Opinion Biomedical Science and Research Biomedical Science and Research CC by Creative Commons, CC-BY

Application of Transformer in Medical Image Segmentation

*Corresponding author: Yong Wu, School of Information Science and Engineering, Linyi University, Linyi 276000.

Received: October 20, 2021; Published: October 25, 2021

DOI: 10.34297/AJBSR.2021.14.002014


Accurate lesion segmentation is of great significance to the diagnosis of patients’ illness and the formulation of treatment plan, and the segmentation results can provide doctors with important reference information. However, the focus of medical images is highly similar to the surrounding normal tissues, so the segmentation of medical images is a very challenging task. Transformer is gradually applied to the field of medical image segmentation by researchers with its strong learning ability.

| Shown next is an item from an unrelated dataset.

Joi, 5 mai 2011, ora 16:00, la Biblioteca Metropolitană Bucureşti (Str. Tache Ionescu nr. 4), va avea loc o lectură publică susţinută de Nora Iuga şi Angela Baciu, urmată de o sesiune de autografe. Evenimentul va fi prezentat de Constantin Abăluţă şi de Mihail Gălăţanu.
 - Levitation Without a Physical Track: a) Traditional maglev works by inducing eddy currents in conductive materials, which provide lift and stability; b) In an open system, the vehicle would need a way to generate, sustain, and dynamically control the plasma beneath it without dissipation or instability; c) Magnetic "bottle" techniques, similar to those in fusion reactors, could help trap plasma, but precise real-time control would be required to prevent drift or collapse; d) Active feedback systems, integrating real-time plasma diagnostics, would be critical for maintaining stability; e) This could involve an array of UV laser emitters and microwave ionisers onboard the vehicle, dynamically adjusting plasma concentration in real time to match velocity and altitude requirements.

Keywords: Medical Image; Segmentation; Transformer


Medical image segmentation, as one of the most challenging tasks in clinical diagnosis, needs to identify and segment lesions from background medical images. However, this process is timeconsuming and laborious, and the error rate is high. Traditional segmentation relies heavily on manual labeling information and clinical experience of clinicians. In addition, the complex changes presented by various imaging modes are also a great challenge to image segmentation. Therefore, developing a new algorithm for automatic segmentation of medical images is of great significance to improve the accuracy and efficiency of clinical diagnosis. Transformer can model and extract features from the global information of self-attention mechanism [1], but for medical image segmentation task, local and global features are very important for dense prediction, so there are many segmentation models that combine Transformer with traditional deep learning methods in the field of medical influence segmentation [2]. This paper first explains the background of the application of Transformer in medical image segmentation, then introduces in detail the recent research on image segmentation using Transformer, and finally looks forward to the future development.

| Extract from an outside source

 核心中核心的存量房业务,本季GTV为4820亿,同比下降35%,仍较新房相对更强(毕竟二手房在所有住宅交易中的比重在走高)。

Medical Image Segmentation based on Transformer

With the development of deep learning, a large number of coding-decoding based architectures and large-scale annotated medical data sets have emerged, and the accuracy of automatic segmentation of medical images has been continuously improved. However, due to the superposition of convolution layers and continuous sampling operations, the existing models have many problems of representation and information decline, resulting in that the models cannot completely model the global contextual feature dependencies. With the extensive success of Transformer in the field of machine translation and Natural Language Processing (NLP) [3] and the high accuracy in the task of image recognition [4], researchers have also taken bold attempts in the field of medical image segmentation.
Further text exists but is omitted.